= Bay Staters for Natural Medicine =

Bay Staters for Natural Medicine is a Massachusetts-based, grassroots community group that educates people on the safe, spiritual use of psychedelics and the public health consequences of the so-called "war on drugs." The group hosts community events across the Northeastern U.S., including forages for all kinds of mushrooms, classes on growing mushrooms, socials to learn about alternative medicine, breath workshops, and parties. This community organizing grew out of local advocacy efforts to pass measures in cities where its now thousands of volunteers live across the region.

== History ==

In January 2021, Bay Staters for Natural Medicine, with the support of around fifty local volunteers, achieved its first success in helping the City of Somerville decriminalize possession of all controlled substances, including growing and distribution of psychedelic fungi and plants. The inclusion of decriminalization for all controlled substances was a strong departure from other measures passed around the country: particularly those led by Decriminalize Nature, which at the time opposed broader decriminalization reform

In February 2021, after a similar collaboration between Bay Staters and local groups, the City of Cambridge adopted a similar resolution, led by City Councilor Jivan Sobrinho-Wheeler.

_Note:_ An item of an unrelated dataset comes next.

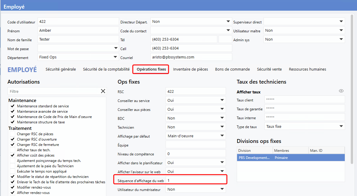Employée > Maintenance de l'utilisateur > Utilisateurs > Sélectionnez un utilisateur > Onglet Opérations fixes > Séquence d'affichage Web

In March 2021, after being contacted by members of Bay Staters, Northampton Massachusetts City Councilors Rachel Maiore (Ward 7) and William Dwight (At Large) co-sponsored a similar resolution supporting the decriminalization of the use and possession all of controlled substances, specifically highlighting the benefits psychedelics can have for mental health and addiction challenges. This measure was unanimously approved on April 2, 2021.

In October 2021, the City of Easthampton became the fourth city in Massachusetts to decriminalize psychedelics with the leadership and organizing of Bay Staters for Natural Medicine.